Эти ее слова сразу весь румянец с меня согнали. Холодом пахнуло от них. И сразу какая-то злая обида захватила меня. Не то что я так уж сильно люблю Маяковского и только одного Маяковского. Есть много разных хороших стихов у разных поэтов. Есенин мне тоже очень нравится. Но зачем же обязательно при этом Маяковского под каблук Есенину вталкивать? Сразу бас у меня окреп.
— Не знаю, как ты можешь такое про Маяковского говорить! Да его стихи: «Читайте, завидуйте, я — гражданин…»
Шура ладошкой своей мне рот закрыла.
— Костенька! Смешной и глупый. Да разве опять-таки на публике я это скажу? Смешной, смешной! Не такая я дура.
Вы, конечно, думаете: нужно было взорваться, наговорить Шуре грубостей, закричать на нее. Но если человек сидит, простодушно улыбается и по глазам, по губам у нее никак не поймешь, всерьез это или дразнит, — и верно, надо быть смешным и глупым, чтобы взрываться и кричать. Может быть, просто поспорить с ней? Доказать свое. Спор мне все равно не выиграть. Не умею я быстро и ловко цепляться к каждому неудачному слову противника своего. Спор только тогда интересен и красив, когда в нем острые мысли, словно шпаги в картине «Три мушкетера», все время сверкают. И вот я стою и молчу, а Шура хохочет.
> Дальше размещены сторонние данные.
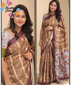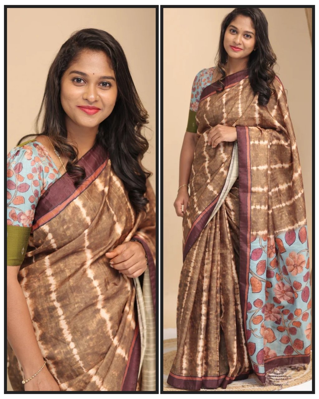 This brown colour dye kalamkari tussur silk saree beautifully blends traditional art with a rich, earthy elegance. The saree likely features a warm brown base with kalamkari-style prints or motifs, giving it a handcrafted, ethnic look that feels both classic and unique. Made from tussur (tussar) silk, it appears to have a slightly textured yet soft-feel fabric with a lightweight, flowy drape, comfortable for Sri Lanka’s warm tropical weather while still looking dressy and refined. This saree is ideal for weddings, receptions, cultural events, office functions, religious ceremonies and special family gatherings where you want a sophisticated traditional saree look. Style it with a matching brown or contrast blouse in maroon, mustard or beige, along with traditional jewellery Sri Lanka style, bangles and a clutch for a complete festive outfit. Perfect for those who appreciate artistic sarees and prefer to buy saree online Sri Lanka for special occasions and gifting.

— Ой, Костенька, Костенька, до чего же ты глупый. Ну, не делай такое сердитое лицо. Как же я с тебя портрет писать буду? Ты, может быть, проголодался? Хочешь чаю? Вот тебе стихи: «Грязные ногти — зараза, стриги их до отказа». Еще: «Вытирайте ноги на пороге, с вами чтобы не вошли микробы». И еще: «Граждане! Мухи переносчики всяких болезней, чем «забивать козла» — бить мух полезней». Да ну, не дуйся же, Костенька, это вовсе не Маяковский. Это парикмахер один сочинил такие стихи и вывесил как плакаты над кассой. Сняли. И плакаты и парикмахера. — Смеялась, смеялась и вдруг сделалась очень серьезная. — Как хорошо, сильно и правильно сказал. Маяковский: «Пока выкипячивают, рифмами пиликая, из любвей и соловьев какое-то варево, улица корчится безъязыкая, ей нечем кричать и разговаривать». Ах, какой эго могучий поэт! Ты знаешь, Костя, ведь поэтому к Есенину у молодежи так руки и тянутся — нам все еще в стихах «нечем любить и разговаривать». Правда?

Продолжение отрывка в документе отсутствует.